Giner-Sorolla, Roger, and Shelly Chaiken. 1994. The causes of hostile media judgments. Journal of Experimental Social Psychology 30.2 (March): 165–180.
This study examines hostile media perceptions in response to news coverage both of the Middle East conflict and abortion. Unlike in earlier studies of the hostile media effect, in which the researchers recruited participants from partisan student groups, here students were recruited from university classes. Although hostile perceptions were found to be weaker for the abortion issue than for the Middle East issue, this study provides an important replication of the hostile media effect among less extreme partisans. Available online for purchase.
Hastorf, Albert H., and Hadley Cantril. 1954. They saw a game: A case study. Journal of Abnormal and Social Psychology 49.1 (January): 129–134.
DOI: 10.1037/h0057880
Although not a test of the hostile media effect per se, this classic study was one of the first to demonstrate that partisans engage in selective perception. The study finds that Dartmouth and Princeton students perceived stark differences in a football game played between the two schools’ teams. The authors conclude that people’s partisan attachments provide unconscious filters through which they interpret events. Available online for purchase or by subscription.
Perloff, Richard M. 1989. Ego-involvement and the third person effect of televised news coverage. Communication Research 16.2 (April): 236–262.
DOI: 10.1177/009365089016002004
This study provided the first replication of Vallone, Ross, and Lepper’s original investigation of the hostile media effect (Vallone, et al. 1985) and, like that earlier study, focuses on news about the Israeli–Palestinian conflict.
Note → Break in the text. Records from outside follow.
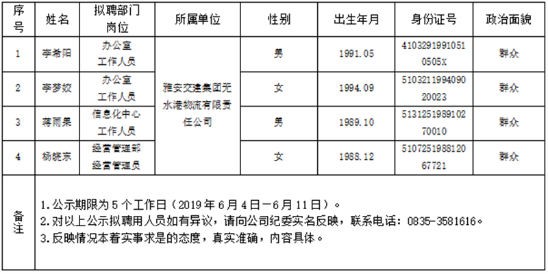 币游集团所属子公司拟聘用人员公示(无水港公司)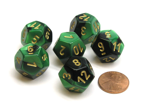 $9.99Original price $9.99 - Original price $9.99Original price$9.99 - $9.99Current price $9.99Chessex Gemini 18mm 12 Sided D12 Dice, 6 Pieces - Black-Green with Gold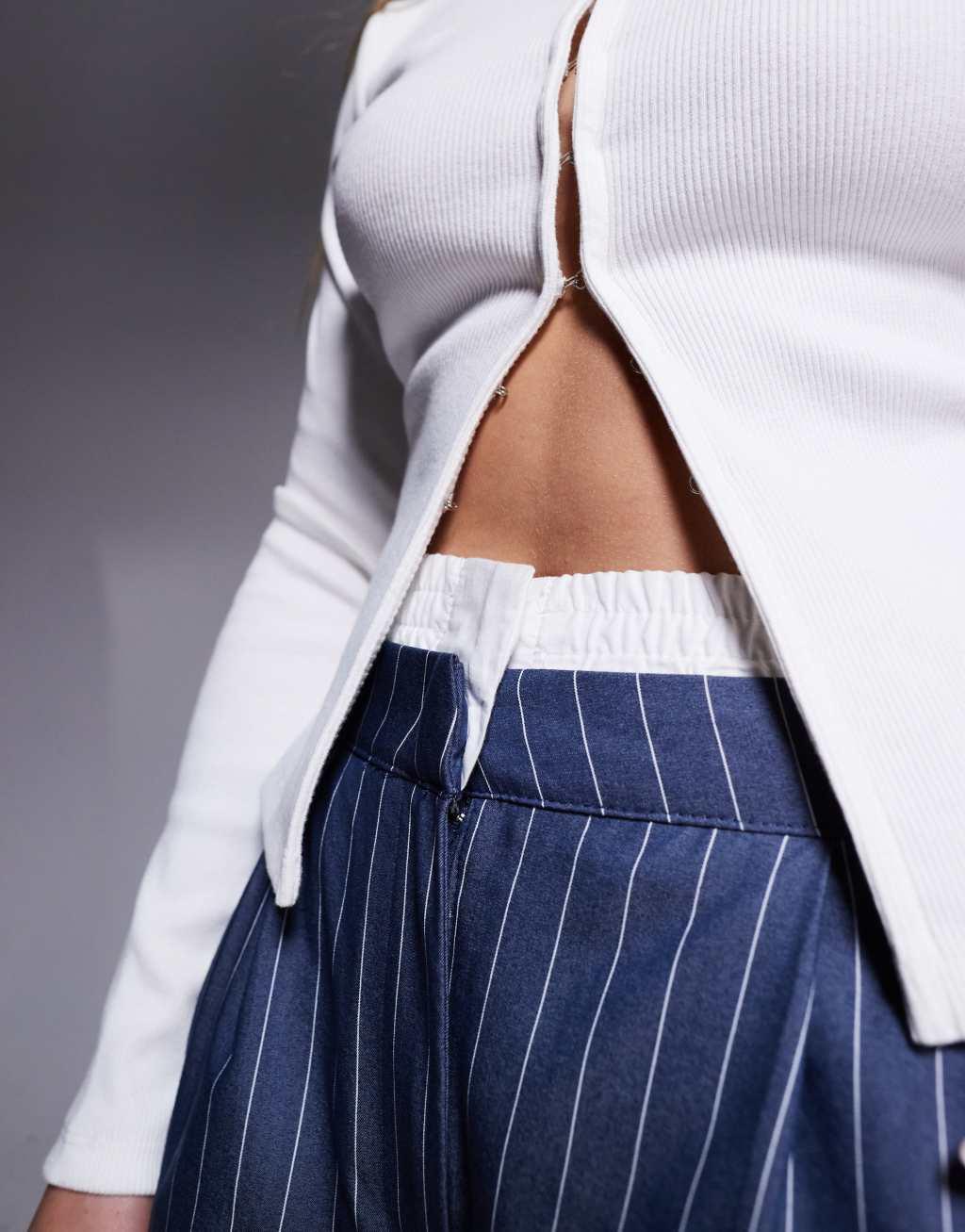 ASOS DESIGN hook and eye front ribbed cardigan in ecru

Findings confirm hostile media perceptions among partisans and also demonstrate that partisans both attribute hostile coverage to journalists’ bias against their respective groups and, consistent with the third-person effect, believe that hostile coverage is capable of persuading neutral audiences. Available online for purchase or by subscription.
Vallone, Robert, Lee Ross, and Mark R. Lepper. 1985. The hostile media phenomenon: Biased perception and perceptions of media bias in coverage of the Beirut massacre. Journal of Personality and Social Psychology 49.3 (September): 577–585.
DOI: 10.1037/0022-3514.49.3.577
This is the seminal study on the topic. An undergraduate sample was shown a selection of US network-news coverage detailing the events leading up to a 1982 massacre of Palestinians by a Lebanese militia group, and the questions of Israeli responsibility in its aftermath were discussed. Students who characterized themselves as pro-Israeli saw the news as biased against Israel, whereas pro-Arab students saw it as biased in favor of Israel. Neutral viewers perceived the coverage as relatively balanced. Available online for purchase or by subscription.